■ Exercise directions ■
Return only the lines of the data below from the line with "Wähle Farben und" up to and including the line with "Visit Pontevedra at", exactly as written, with the pictures omitted.

(Saved entries)
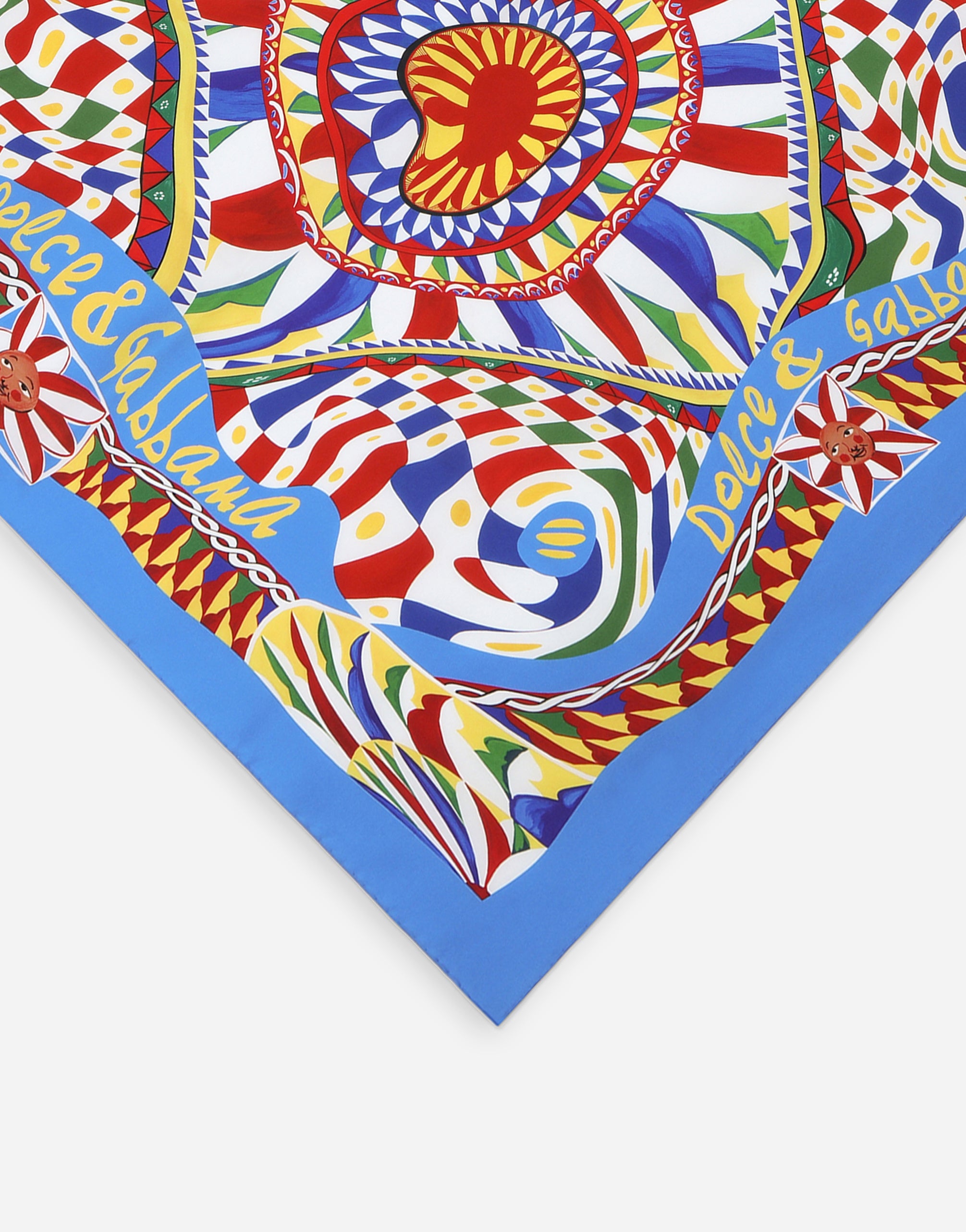Since the very beginning, the style of the Sicilian Carretto carts has been an indelible part of Dolce&Gabbana. The amazement that these marvelous, beautiful works of art inspire when you first see them led our designers to put a fresh spin on the vision behind them. The colors are reworked through the eyes of the provocative and experimental artwork of the ‘60s, resulting in a psychedelic take on the classic Carretto style. Youthful and sophisticated, the resulting mix is breathtaking in its colors. Carretto-print twill scarf: • Multi-colored • Hand-sewn hem • “Dolce&Gabbana” logo • Measurements: 90 x 90 cm • Made in Italy The difference in the print placement that you may find on this product is a feature of Dolce&Gabbana’s “Handmade” pieces. A detail that makes every garment or accessory unique and exclusive.
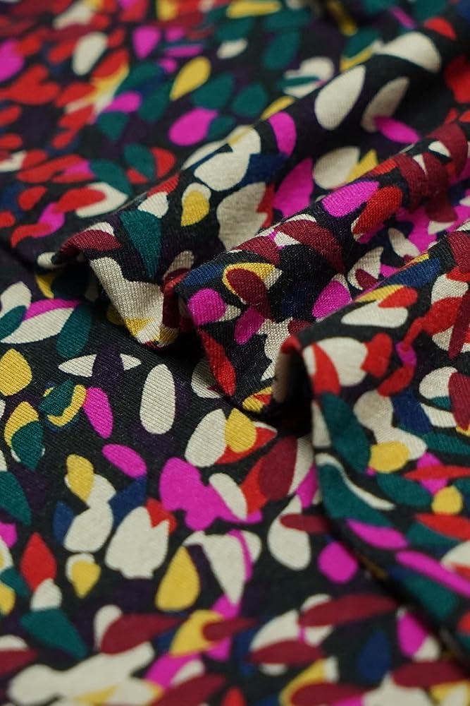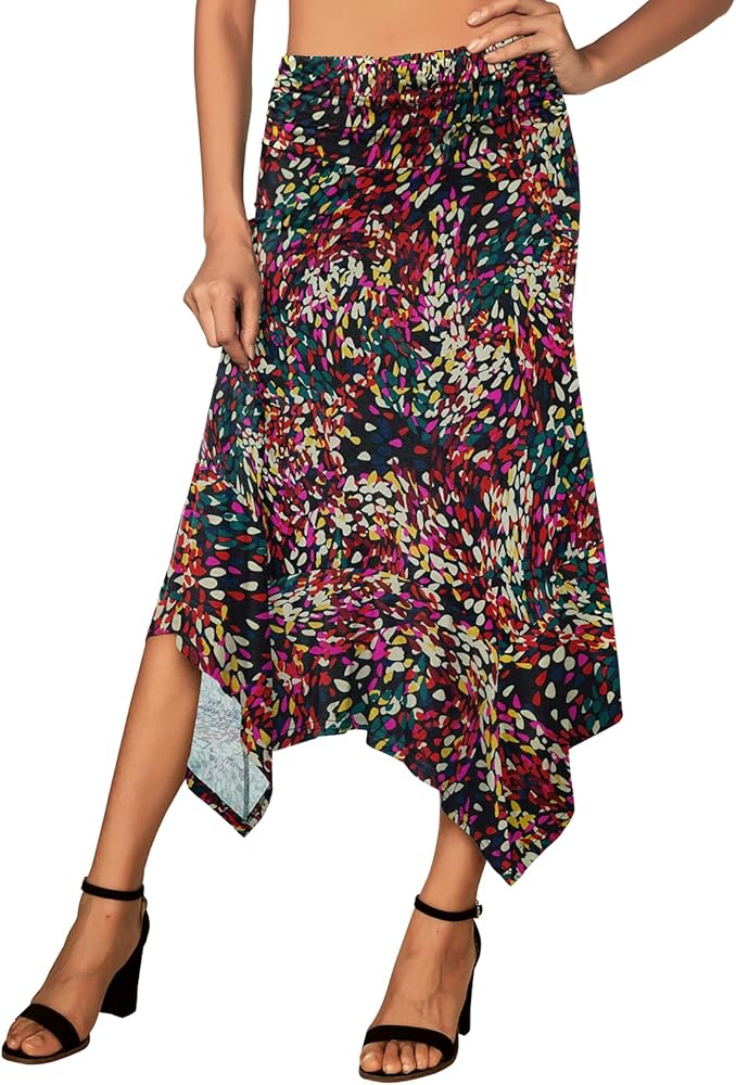 DJT Women's Ruched Elastic Waist Soft Flowy Handkerchief Hem Midi Swing Skirt M Paint Palette
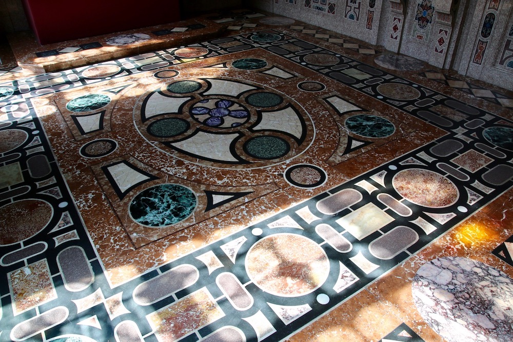 Мраморният под на Богатия параклис.
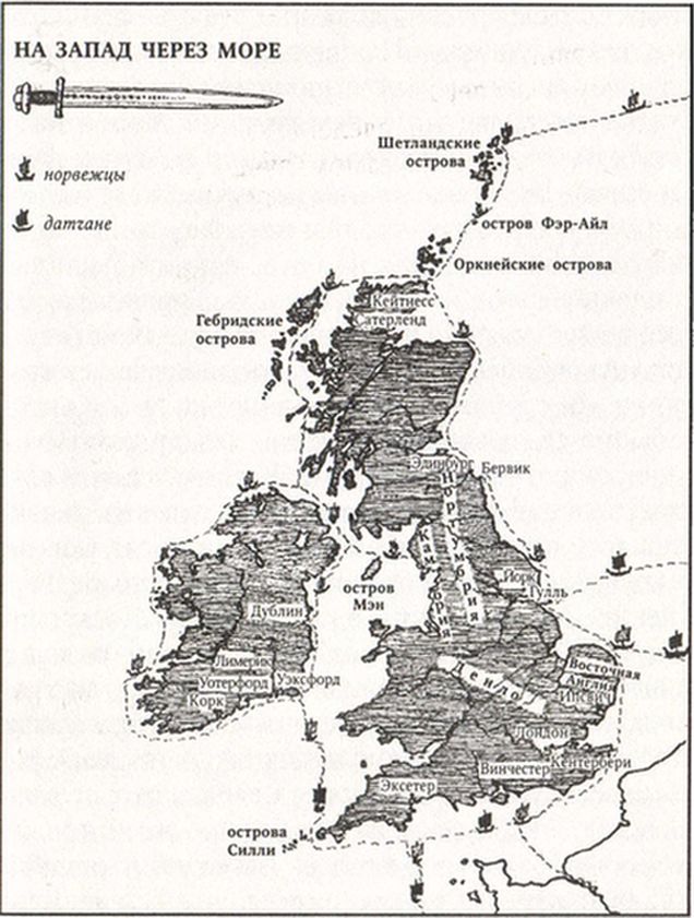 Крайне удобным для длительных стоянок были группы островов близ Шотландии: Оркнейские и Гебридские острова, располагавшиеся на пути к Британии. Оркнейские острова играли роль естественного пристанища на полпути из Норвегии к западному побережью. Они были захвачены как раз незадолго до того, как черные корпуса кораблей и темно-красные паруса на горизонте заставили колокола английских аббатств забить тревогу.
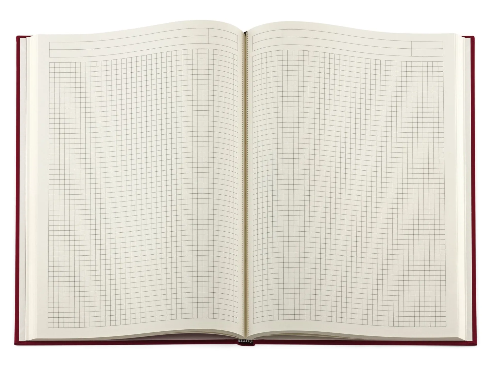 Lineatur: gerahmter zweizeiliger und -spaltiger Seitenkopf, gerahmtes kariertes Notizfeld.
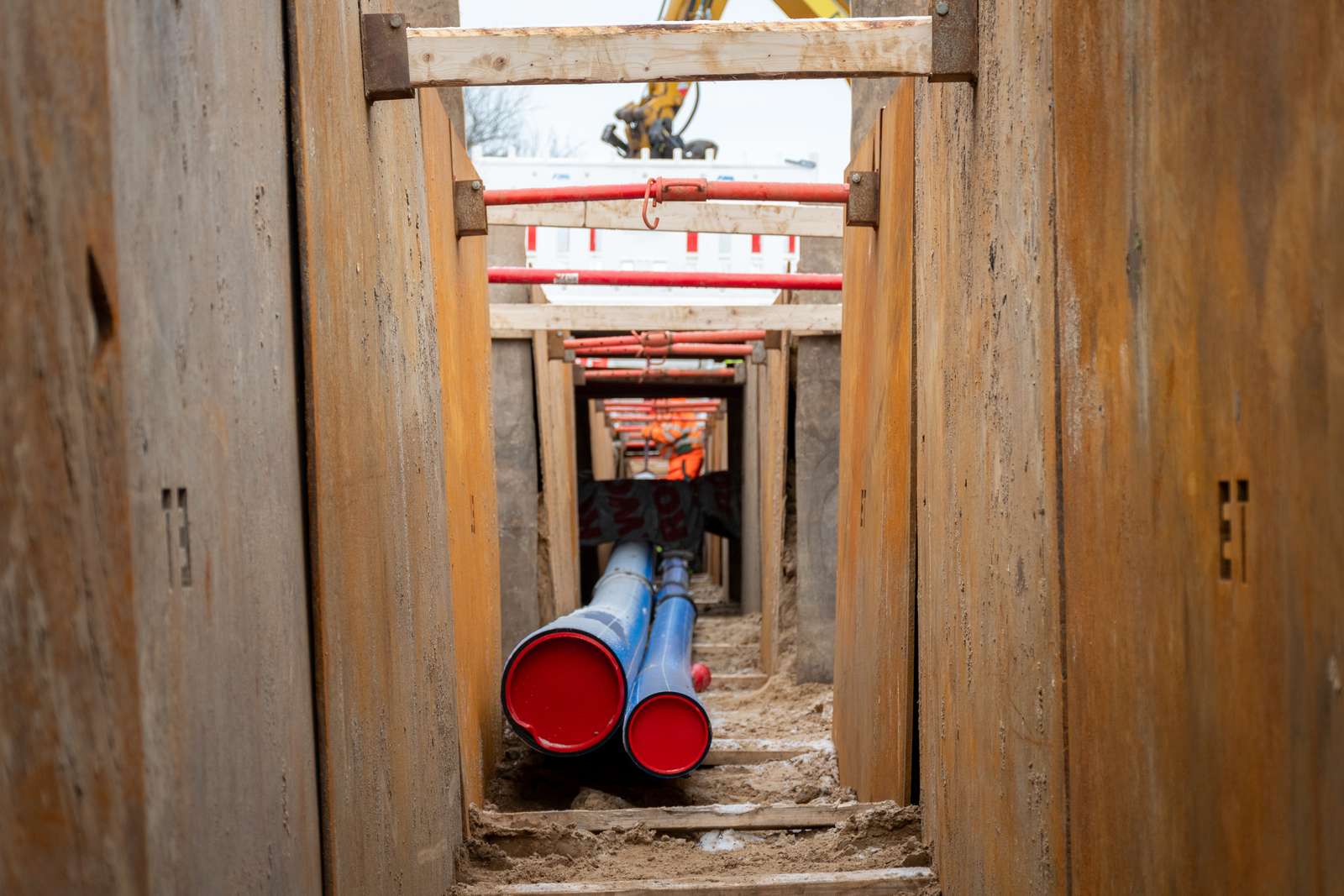 Han forklarer, at arbejdet med vandledningerne, der erstatter gamle ledninger i støbejern, kommer til at ligge nederst i tracéet i en dybde på 180-200 cm, imens fjernvarmeledningerne ligger i 70-140 centimeters dybde.
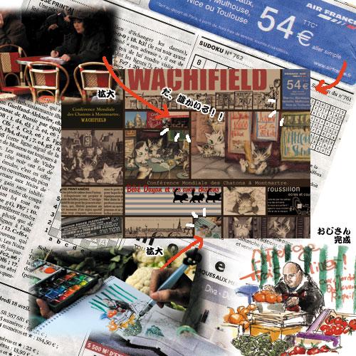 フランスの新聞だったり、パリの街の看板だったり。
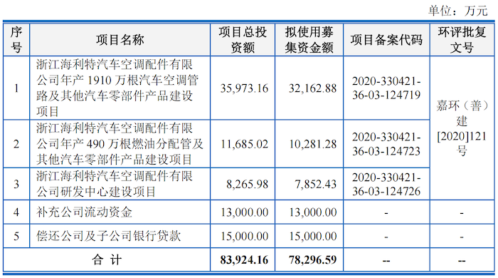 本次闯关主板,上海汽配此轮计划募集资金7.83亿元,仍主要集中于空调管路和燃油分配管路建设项目。
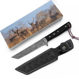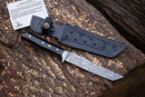 🗡️ Hand-Forged Damascus Tanto Hunting Knife – Full Tang with Leather Sheath
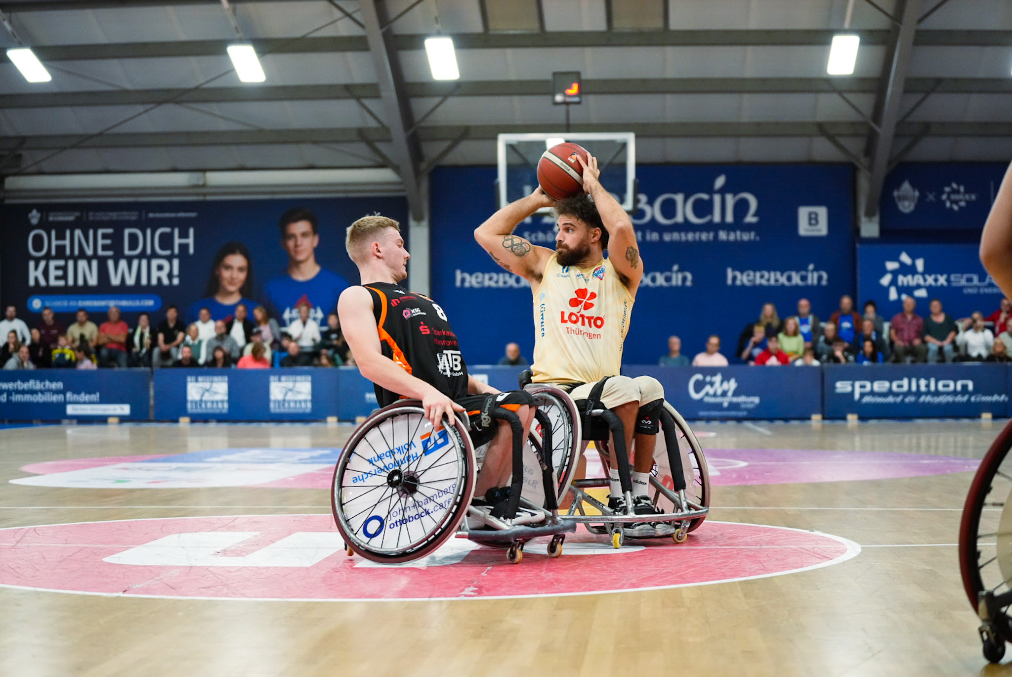 Am ersten Spieltag der Rollstuhlbasketball-Liga nach der Sommerpause war die Halle in Elxleben ausverkauft. Erst im Oktober waren die Europameisterschaften ausgetragen worden, weswegen sich der Saisonstart verschob.
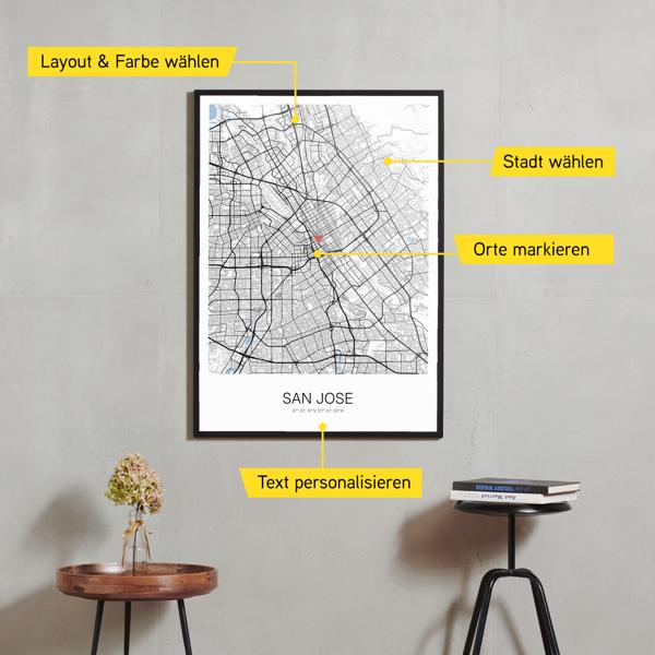 Wähle Farben und Layouts, die perfekt zu dir passen. Ob als klassische Karte in schwarz-weiß oder in modernen Farben. Bei Cartida kannst du ein Design in deinen Lieblingsfarben wählen. Erstelle eine Variante von San Jose, die perfekt zu dir und deiner Wohnung passt.
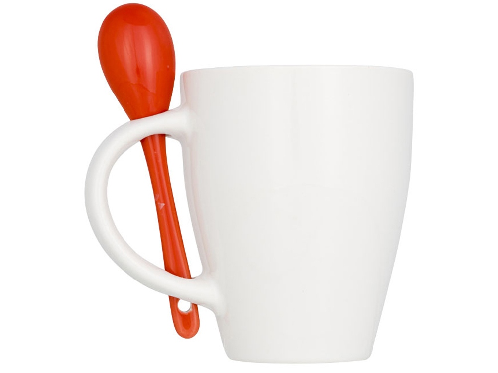 Чашка Nadu с ложкой. Керамическая кружка с модным дизайном и присоединенным держателем для ложки в ручке. Внутренняя часть кружки окрашена тем же цветом, что и ложка. Соответствует требованиям EN12875-1; подходит для мытья в посудомоечной машине даже после украшения. Объем — 250 мл. Представлена в белой картонной коробке. Керамика.
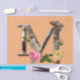 Beautiful letter M, with vintage ladies, roses and a butterfly
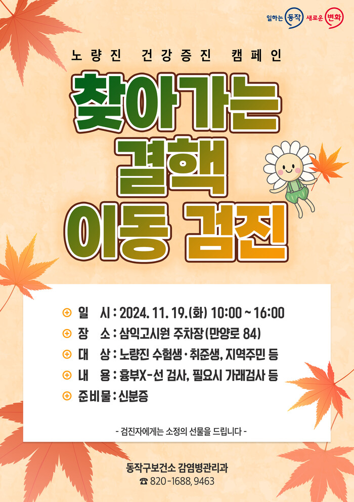 | ▲ 동작구 ‘찾아가는 결핵 이동검진’ 홍보 포스터. (사진=동작구청 제공) |
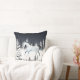 Um travesseiro decorativo preto e branco que apresenta uma floresta de pinheiros oriental fundida em carvão com um cavalo branco selvagem trotando pela paisagem do céu noturno nevado. Um travesseiro moderno incrível com gráficos de qualidade e composição.
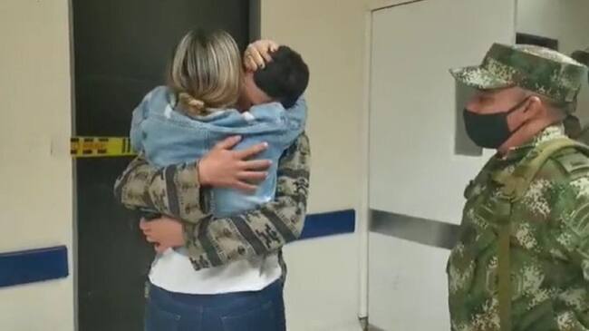 Captura de pantalla del video en el que el joven soldado se encuentra con su madre(Ejército Nacional de Colombia)
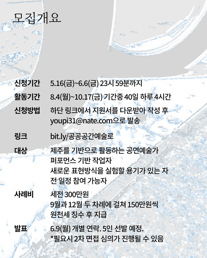 ✔️참여대상: 제주를 기반으로 활동하는 공연예술가, 퍼포먼스 기반 작업자, 새로운 표현방식을 실험할 용기가 있는 자, 전 일정 참여 가능자 (5인 선발 예정)
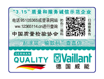 【防偽合格證 • 售后服務(wù)卡一體化標(biāo)識】采用專用紙型制作,將防偽可變信息與產(chǎn)品售后服務(wù)信息統(tǒng)一制作在售后服務(wù)卡上,既省去了貼標(biāo)的工序環(huán)節(jié),又切實提高了生產(chǎn)效率,在有效解決企業(yè)防偽應(yīng)用的基礎(chǔ)上,大大節(jié)省企業(yè)的生產(chǎn)成本,同時,以第三方質(zhì)量專業(yè)機(jī)構(gòu)和質(zhì)量檢驗行業(yè)組織的名義向消費(fèi)者傳遞對企業(yè)產(chǎn)品的信任,加大消費(fèi)者對企業(yè)品牌的消費(fèi)信任度。
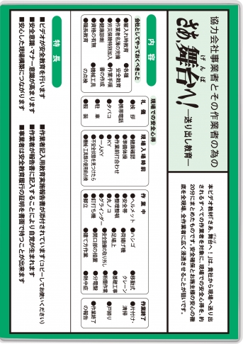 本ビデオ教材は、貴社から現場へ送り出されるすべての作業員を対象に、現場の安全心得を約20分にまとめたものです。
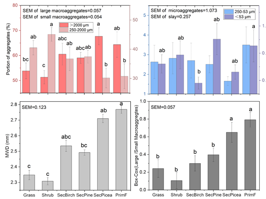 1 次生植被演替过程中土壤团聚体粒径占比(左上和右上)、平均重径(MWD)(左下)和团聚体比例(右下)
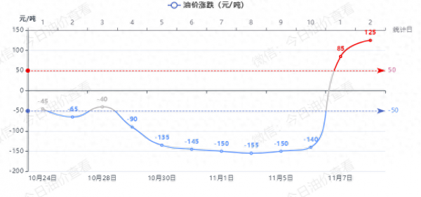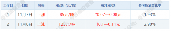 【油价预测】11月9日,本轮国内油价计价统计周期已过去2个工作日,参考原油变化率为2.90%,预计汽柴油上调125元/吨,折算为每升油价上涨0.10-0.11元。油价调整时间:2024年11月20日24时!
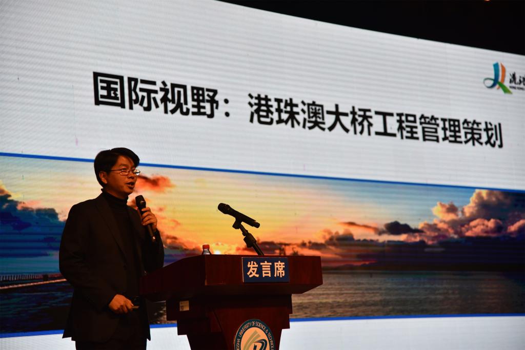 高星林则以“超级工程与国际合作”为题,从港珠澳大桥国际合作总体情况和模式构建、合作的典型案例以及未来展望等三个方面让同学们深刻了解超级工程管理和施工的国际视野。
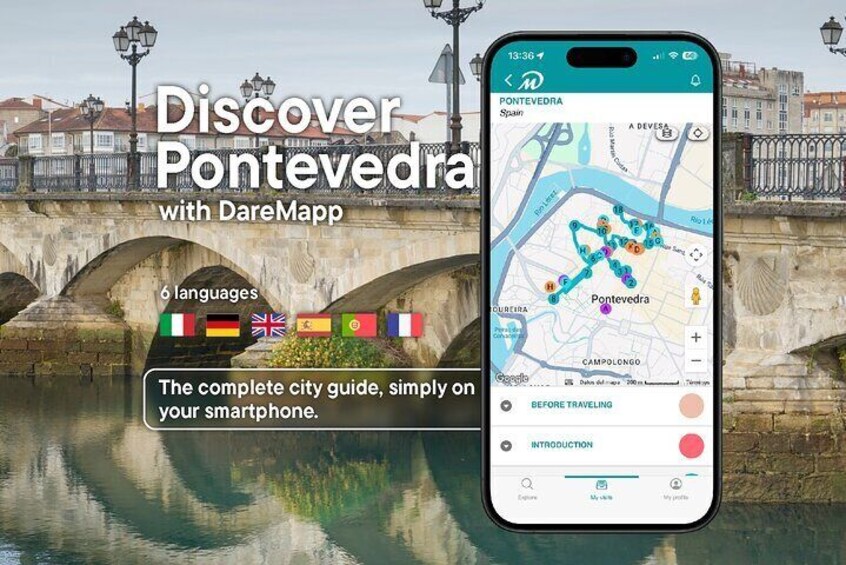 Visit Pontevedra at your own pace without groups or schedules with your mobile in Multilingual
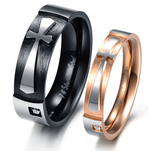 CET Domain SZ17-R136W-8 Titanium Steel Pure Love Couple Rings- Women-Size 8
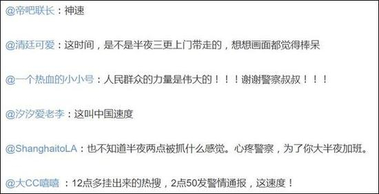 辽源网警当晚凌晨两点就抓获发帖人的神速,获得了网友们的一致好评。

■ Task result ■
 Wähle Farben und Layouts, die perfekt zu dir passen. Ob als klassische Karte in schwarz-weiß oder in modernen Farben. Bei Cartida kannst du ein Design in deinen Lieblingsfarben wählen. Erstelle eine Variante von San Jose, die perfekt zu dir und deiner Wohnung passt.
 Чашка Nadu с ложкой. Керамическая кружка с модным дизайном и присоединенным держателем для ложки в ручке. Внутренняя часть кружки окрашена тем же цветом, что и ложка. Соответствует требованиям EN12875-1; подходит для мытья в посудомоечной машине даже после украшения. Объем — 250 мл. Представлена в белой картонной коробке. Керамика.
 Beautiful letter M, with vintage ladies, roses and a butterfly
 | ▲ 동작구 ‘찾아가는 결핵 이동검진’ 홍보 포스터. (사진=동작구청 제공) |
 Um travesseiro decorativo preto e branco que apresenta uma floresta de pinheiros oriental fundida em carvão com um cavalo branco selvagem trotando pela paisagem do céu noturno nevado. Um travesseiro moderno incrível com gráficos de qualidade e composição.
 Captura de pantalla del video en el que el joven soldado se encuentra con su madre(Ejército Nacional de Colombia)
 ✔️참여대상: 제주를 기반으로 활동하는 공연예술가, 퍼포먼스 기반 작업자, 새로운 표현방식을 실험할 용기가 있는 자, 전 일정 참여 가능자 (5인 선발 예정)
 【防偽合格證 • 售后服務(wù)卡一體化標(biāo)識】采用專用紙型制作,將防偽可變信息與產(chǎn)品售后服務(wù)信息統(tǒng)一制作在售后服務(wù)卡上,既省去了貼標(biāo)的工序環(huán)節(jié),又切實提高了生產(chǎn)效率,在有效解決企業(yè)防偽應(yīng)用的基礎(chǔ)上,大大節(jié)省企業(yè)的生產(chǎn)成本,同時,以第三方質(zhì)量專業(yè)機(jī)構(gòu)和質(zhì)量檢驗行業(yè)組織的名義向消費(fèi)者傳遞對企業(yè)產(chǎn)品的信任,加大消費(fèi)者對企業(yè)品牌的消費(fèi)信任度。
 本ビデオ教材は、貴社から現場へ送り出されるすべての作業員を対象に、現場の安全心得を約20分にまとめたものです。
 1 次生植被演替过程中土壤团聚体粒径占比(左上和右上)、平均重径(MWD)(左下)和团聚体比例(右下)
 【油价预测】11月9日,本轮国内油价计价统计周期已过去2个工作日,参考原油变化率为2.90%,预计汽柴油上调125元/吨,折算为每升油价上涨0.10-0.11元。油价调整时间:2024年11月20日24时!
 高星林则以“超级工程与国际合作”为题,从港珠澳大桥国际合作总体情况和模式构建、合作的典型案例以及未来展望等三个方面让同学们深刻了解超级工程管理和施工的国际视野。
 Visit Pontevedra at your own pace without groups or schedules with your mobile in Multilingual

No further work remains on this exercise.